Destinação de terras rurais: o impacto para o setor agropecuário
Imóveis rurais penhorados por dívidas tributárias podem ser destinados à reforma agrária, fomentando discussões no setor agropecuário.
Uma portaria interministerial publicada recentemente autoriza a destinação de imóveis rurais penhorados para programas de reforma agrária. Segundo Luciano Faria, advogado especialista em direito tributário no agronegócio, a medida representa uma inovação nas políticas públicas voltadas ao campo, mas levanta questionamentos sobre sua implementação e os impactos para produtores rurais.
De acordo com Faria, o processo ocorre no contexto de ações de execução fiscal contra grandes devedores da União. "Os imóveis penhorados, que normalmente iriam a leilão, agora podem ser adjudicados para programas de reforma agrária. Isso atende, prioritariamente, agricultores familiares, comunidades quilombolas e tradicionais", explicou o advogado.
O que muda na prática
A portaria permite que órgãos como a Advocacia-Geral da União e a Procuradoria-Geral da Fazenda Nacional identifiquem e disponibilizem terras para o Instituto Nacional de Colonização e Reforma Agrária (Incra). A partir disso, é possível a avaliação técnica das propriedades, com vistas à criação de assentamentos.
Esse modelo, porém, gera dúvidas quanto à avaliação dos imóveis. “Há um risco de que a União avalie os bens penhorados abaixo do valor de mercado, o que pode causar litígios entre proprietários e o governo", destacou Faria.
Outro ponto levantado foi a forma de compensação ao devedor. "Quando há diferença entre o valor da dívida e o valor do imóvel, a devolução ao proprietário é feita em Títulos da Dívida Agrária, e não em moeda corrente, o que pode criar dificuldades adicionais", acrescentou.
Conflitos e impactos no setor
Para Faria, a medida pode intensificar conflitos no campo. “A ideia de que essa política vai pacificar o campo é otimista demais. A desapropriação ou a retirada de propriedades costuma gerar resistência e polêmica entre produtores", avaliou. Ele mencionou ainda que a política reforça a divisão entre grandes produtores e agricultores familiares, setores que já convivem com tensões históricas.

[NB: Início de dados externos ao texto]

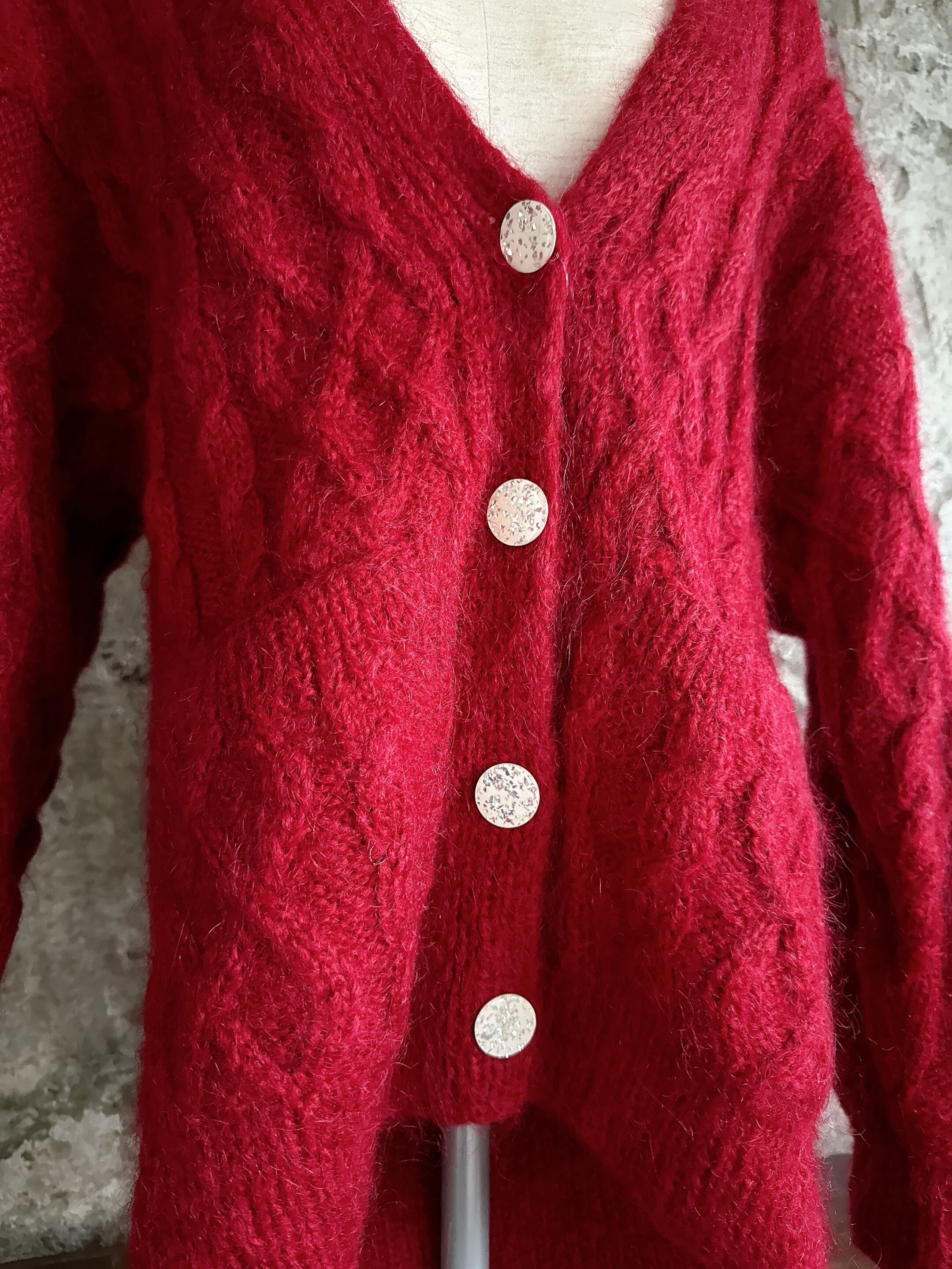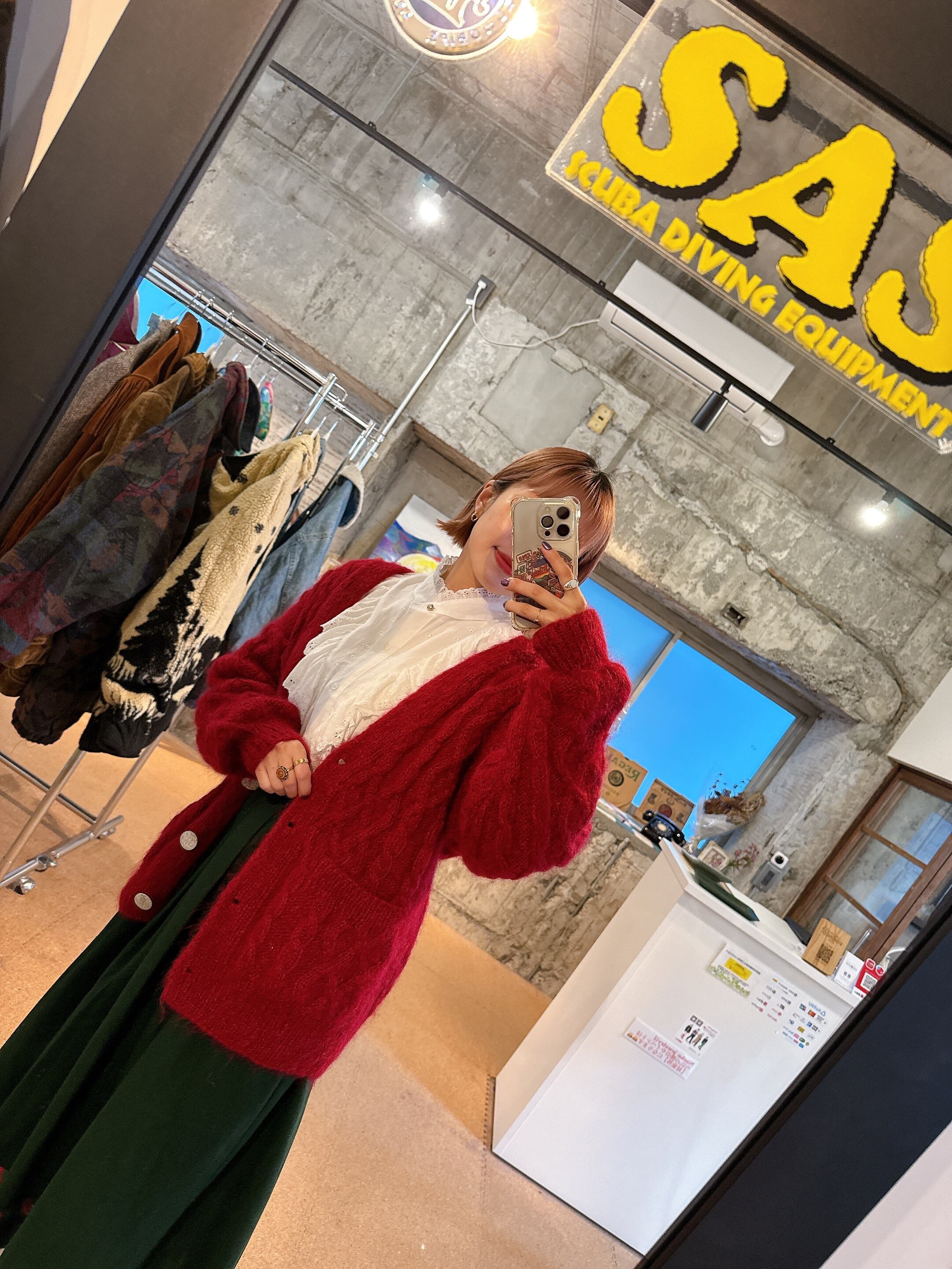 深みのあるレッドカラーが目を惹く、ニットカーディガン。

Outro aspecto discutido é a possível recuperação de créditos pela União. "Essa portaria pode funcionar como um incentivo para que devedores regularizem suas dívidas, evitando a perda de patrimônio. Isso é positivo para os cofres públicos, mas não elimina os desafios de execução", pontuou.
Questões jurídicas e desafios futuros
Luciano Faria também destacou os recursos jurídicos disponíveis aos produtores. "É possível recorrer, negociar dívidas ou buscar descontos significativos por meio de transações tributárias. No entanto, é importante agir rapidamente para evitar a progressão do processo", aconselhou.
Sobre o futuro da medida, Faria ressaltou que sua implementação prática dependerá de estudos técnicos, avaliações de imóveis e decisões judiciais. "Ainda há muitas incertezas, especialmente quanto à eficácia do modelo e seu impacto no setor agropecuário", concluiu.
A destinação de imóveis rurais para reforma agrária reacende debates históricos sobre o uso da terra no Brasil, envolvendo interesses econômicos, sociais e políticos. A polêmica promete se intensificar à medida que a política avance em diferentes regiões do país.